Re: Handling @profile

Hi Shane,

It's not confined to browsers.

I'm talking about using a network library in some programming language
-- you'll nearly always get caching directives honoured by the
library.

Consequently, if you have a date or version number in the URL, you can
set a very long expiry time on your server, because that document will
never change.

This is quite a common technique for JavaScript libraries, and would
work for profiles and vocabularies, too.

Mark

On Sun, May 2, 2010 at 11:03 PM, Shane McCarron <shane@aptest.com> wrote:
> No.  Because I don't think I am implementing in a browser. And I maintain that most interesting implementations will be outside of a support context like that.
>
> "Mark Birbeck" <mark.birbeck@webbackplane.com> wrote:
>
>>Hi Shane,
>>
>>Wouldn't you hope that caching is taken care of by the underlying
>>protocol requests?
>>
>>Which is why version numbers in URLs *are* a good idea. :)
>>
>>(Mixing two threads there.)
>>
>>Regards,
>>
>>Mark
>>
>>On Sun, May 2, 2010 at 10:14 PM, Shane McCarron <shane@aptest.com> wrote:
>>>
>>>
>>> Shane McCarron wrote:
>>>>
>>>> Oh.... ick.  Thanks for pointing this out.  And yes, implementations
>>>> should detect profiles that have already been processed and not process them
>>>> again.  But the spec should say this.
>>>
>>> Oh... and to be clear... in my implementation at least I cache profiles that
>>> I have already processed and only reprocess if the source document has been
>>> modified since my original processing took place.  I really think everyone
>>> who can cache should take this approach.
>>>>
>>>> Gregg Kellogg wrote:
>>>>>
>>>>> Okay, first cut of implementing @profile goes into an infinite loop.
>>>>> Section 7.5 item 3 indicates that any element containing an @profile
>>>>> document is processed as indicated in RDFa Profiles (section 9).

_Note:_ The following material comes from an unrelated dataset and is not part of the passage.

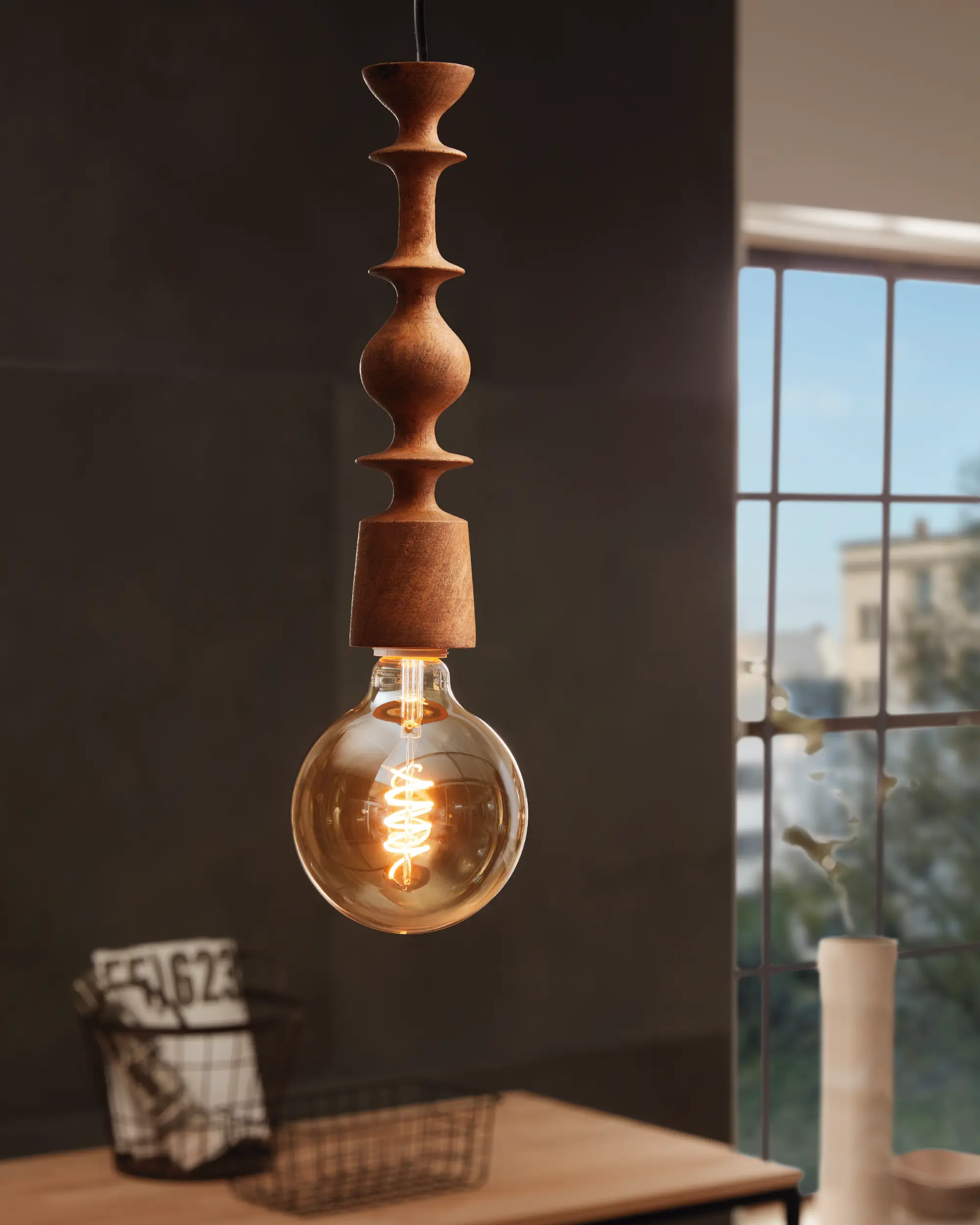 Expressive Shadow Play: The natural wood form beautifully highLamps decorative bulbs, casting warm ambiance and highLamping its minimalist charm.

Test 0089
>>>>> contains <head profile="http://www.w3.org/1999/xhtml/vocab">, which causes
>>>>> the parser to load <http://www.w3.org/1999/xhtml/vocab> to extract the
>>>>> vocabulary. That vocabulary also contains the same <head> element, so the
>>>>> parser goes into an infinite loop.
>>>>>
>>>>> Clearly, the parser can check for a recursive call to call an already
>>>>> opened profile, but the processing instructions should discuss this. It
>>>>> seems that in the case of < http://www.w3.org/1999/xhtml/vocab>, it is
>>>>> intended to note that this defines a profile, not requires a profile. Should
>>>>> processing rules be different the <head>, is the profile use in this case
>>>>> just wrong? In any case, it looks like an existing useage pattern that is
>>>>> incompatible with the processing instructions.
>>>>>
>>>>> Gregg
>>>>>
>>>>>
>>>>>
>>>>
>>>
>>> --
>>> Shane P. McCarron                          Phone: +1 763 786-8160 x120
>>> Managing Director                            Fax: +1 763 786-8180
>>> ApTest Minnesota                            Inet: shane@aptest.com
>>>
>>>
>>>
>>>
>>
>
> --
> Sent from my Android phone with K-9 Mail. Please excuse my brevity.